-- DATA SEGMENT follows --
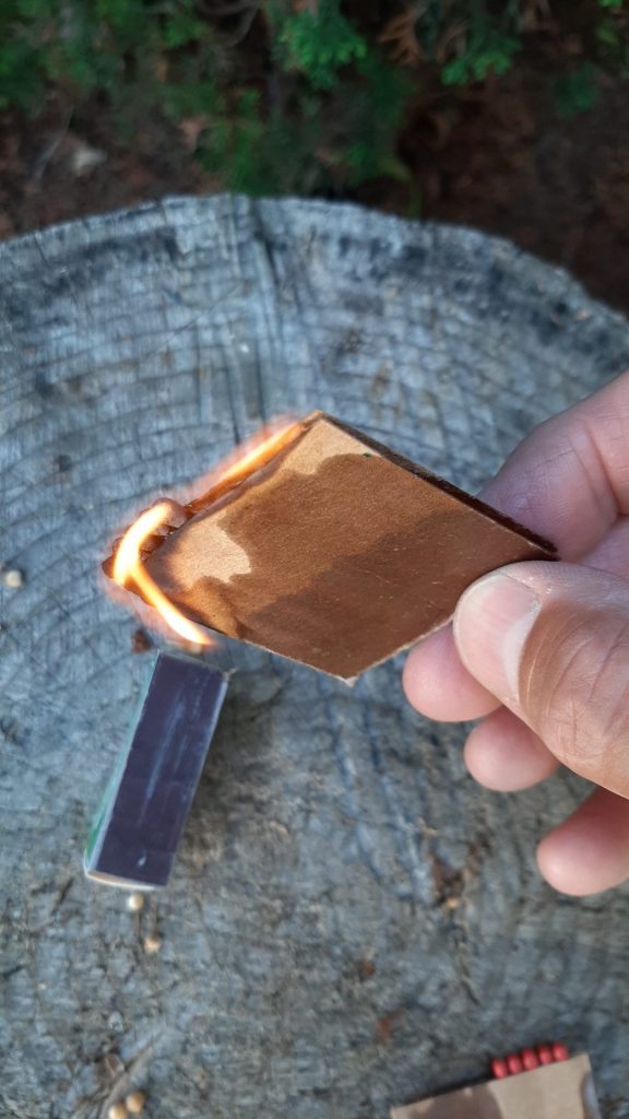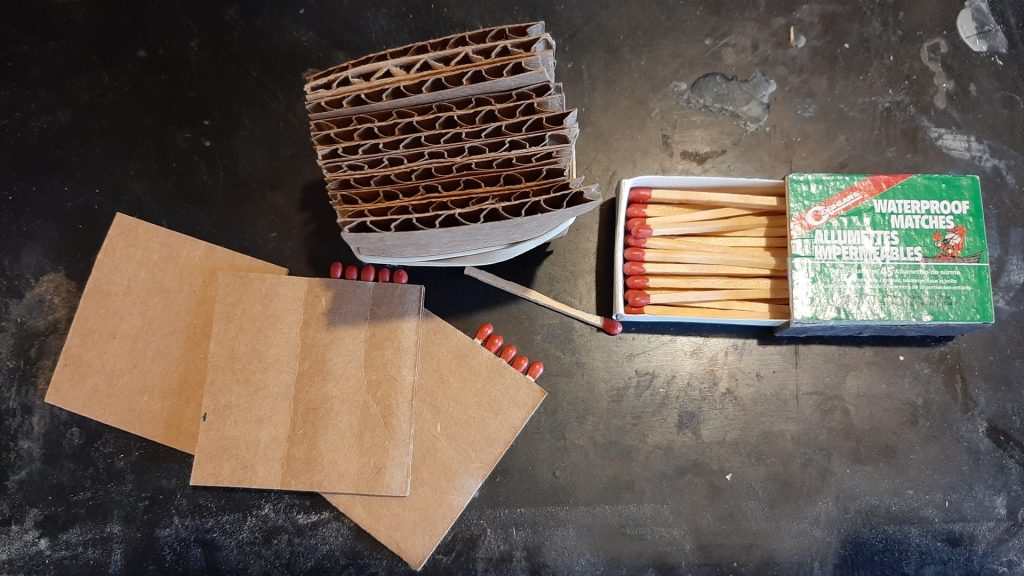 Il est important de joindre à votre lot d’allume-feu l’abrasif (en bordure de boite d’allumette) afin d’initier le tout par friction, bien entendu. Pourquoi ne pas ranger les deux au même endroit dans un sac refermable, prêt à servir en cas de besoin. Voilà!
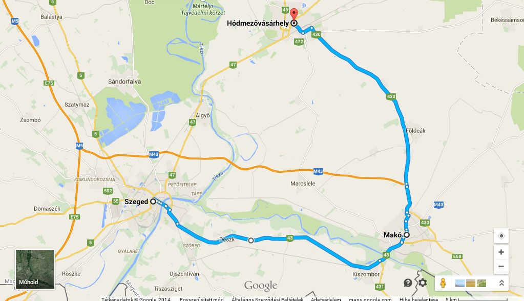 - 2014. december 15-én 7 és 16 óra között a 47-es számú főút 216-217 kilométerszelvénye között, mindkét irányban szorosan az útpadka mellett. Kerülni Makó irányába, a 43-as, 430-as és 4415-ös számú utak igénybevételével lehet.
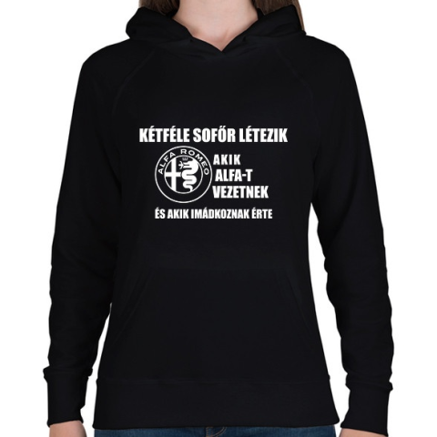 1 kép PRINTFASHION Kétféle Alfa Sofőr - Női kapucnis pulóver - Fekete
-- DATA SEGMENT concluded --
* **ACTIVITY**
Would you repeat the listing word for word and skip every picture?

* **ANSWER BELOW**
 Il est important de joindre à votre lot d’allume-feu l’abrasif (en bordure de boite d’allumette) afin d’initier le tout par friction, bien entendu. Pourquoi ne pas ranger les deux au même endroit dans un sac refermable, prêt à servir en cas de besoin. Voilà!
 - 2014. december 15-én 7 és 16 óra között a 47-es számú főút 216-217 kilométerszelvénye között, mindkét irányban szorosan az útpadka mellett. Kerülni Makó irányába, a 43-as, 430-as és 4415-ös számú utak igénybevételével lehet.
 1 kép PRINTFASHION Kétféle Alfa Sofőr - Női kapucnis pulóver - Fekete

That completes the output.